Any arbitrary approach runs the risk of having unintended consequences, or simply excluding whole groups who most need support or protection. Violations of human rights are not experienced in a consistent manner by older persons, just as they themselves are not a homogeneous group within society. Any convention will need to be flexible, scalable, and anticipate these sorts of consequences. Core functions of the Convention on Elimination of all Forms of Discrimination against Women (CEDAW) and the Convention on the Elimination of Racial Discrimination (CERD) are to rally against specific forms and targets of discrimination, so to an older persons’ convention be a guiding norm on how societies act towards people as they age. A convention would help move communities away from ignorant prejudice towards care and understanding.
Like age proxies that seek to define when we enter older age, the very notion of older age is also social construct, albeit a longstanding and well-accepted one. Societal constructions of age impact on those on the first stages of life (children) and those towards the latter stages of their life. These constructions give rise to expectations and assumptions that interfere with rights, and devalue their social identity and ultimately diminish their right to equal protection under law. We see this commonly in how children and older persons are so easily robbed of their autonomy through measures that are “in their best interests”.
Those interested in the rights of older persons advocate the need to protect and promote people’s rights as they age, including specific rights and standards that will effectively combat ageism, age discrimination, elder abuse, hate crimes against older persons, vilification and demonisation of older persons. These protections need to manifest at the same time that the violations begin, whether the situation is a mature worker experiencing employment-related age discrimination, a person with an age-related condition such as dementia experiencing assumptions of lost autonomy or a parent or grandparent suffering abuse or exploitation in some form.
COVID-19 and older persons
During the COVID-19 pandemic, hate speech and public ageism reached a new high (or perhaps low depending on perspective) with the virus being described by hundreds of thousands of social media posts as #boomerremover.3 Prior to this, ageist hate speech existed on social media including #coffindodger for the Baby Boomer generation.
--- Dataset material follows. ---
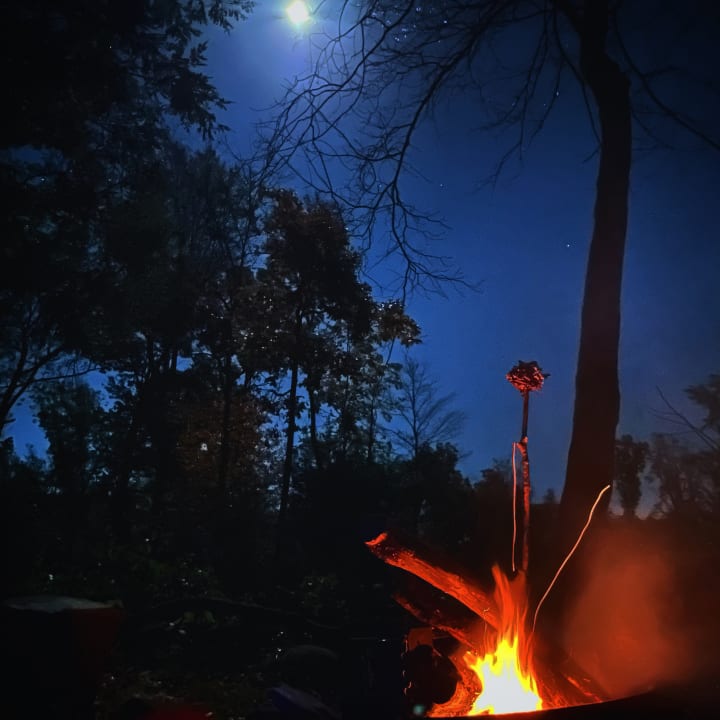 My relationship with her continues. Before the Hunter’s moon I scattered seashells around the fire, seashells she picked, and burnt things that maybe my brothers tried to take from me, things of my dad’s, my mom’s.. I didn’t wish for anything.. just let go. A rainstorm happened that night and lasted til morning. Thunder and lightning in Vermont’s green mountains. When I awoke, the fireplace still smoked.

This increased vilification occurred against the backdrop of older Australian’s experience of COVID-19, which included increased social isolation and incidence of violence, abuse and neglect. Lichtenstein suggests:
The comparative approach to analyzing Covid-19-related responses in Australia, the United Kingdom, and United States has highlighted a rhetoric of disposability and blame for an age cohort considered to have enriched itself at the expense of the climate, progress toward social equality, and the well-being of future generations. The analysis has also identified explicit name-calling and the infantilization of older adults for their vulnerability to Covid-19. This response has served to obscure systemic failures in timely and effective responses to Covid-19 in the United Kingdom and United States, where cost-cutting and small-government ideologies have undermined public health capability and created of a spectacle of death for the ages. Age discrimination therefore occurs on multiple levels for older adults who will continue to bear the brunt of Covid-19 in terms of social burdens and body counts as the pandemic continues its grim march across the globe.4
Improved human rights standards and better enforcement of existing standards are both necessary to prevent further COVID-19 violations or a repeat of this experience in future. Older Australians have borne the brunt of COVID-19 in many ways.
Royal Commission into aged care quality and safety
Despite older persons’ human rights issues being at the forefront of our collective consciousness for a few years now, there hasn’t yet been a debate about human rights. In a recent article, Byrnes questioned why the only direct reference to human rights within the last year’s Royal Commission’s Interim Report was in respect of young people in aged care:
“This section of the report is headed ‘A human rights issue’ and is the only section of the document that characterises its subject as a human rights problem and invokes human rights standards so explicitly and prominently.
My immediate response on reading this section was to ask: ‘And all the other failures and abuse that the Commission has identified are not human rights issues?’ I am sure that this was not the intended message of the Commission—rather it wished to highlight the egregious nature of the practice of putting younger persons with disability into residential aged care. This was a priority issue for the Commission, and it is telling that it sought to strengthen the impact of its condemnation and its cases for urgent action by labelling this a human rights violation—something it did not do for the other two subjects on which it made recommendations for urgent action (the provision of more home care packages to reduce the waiting list for higher level care at home, and to respond to the significant over-reliance on chemical restraint in aged care) or for the other violations it documented.”5
One can note a similar absence of human rights references in the Royal Commission’s second Special Covid-19 Report, which, despite following the Secretary General’s May 2020 Brief on the impact of COVID19 on older persons, did not take up the call for strengthening national and international human rights protections as a response to the pandemic. Over 140 UN Member States, including Australia, endorsed the Secretary-General’s joint statement supporting the Secretary General’s brief.6 While the joint statement stopped short of endorsing a Convention, it recognised two critical things: the covid-19 pandemic has highlighted older persons’ distinct human rights needs, and the absence of adequate protections.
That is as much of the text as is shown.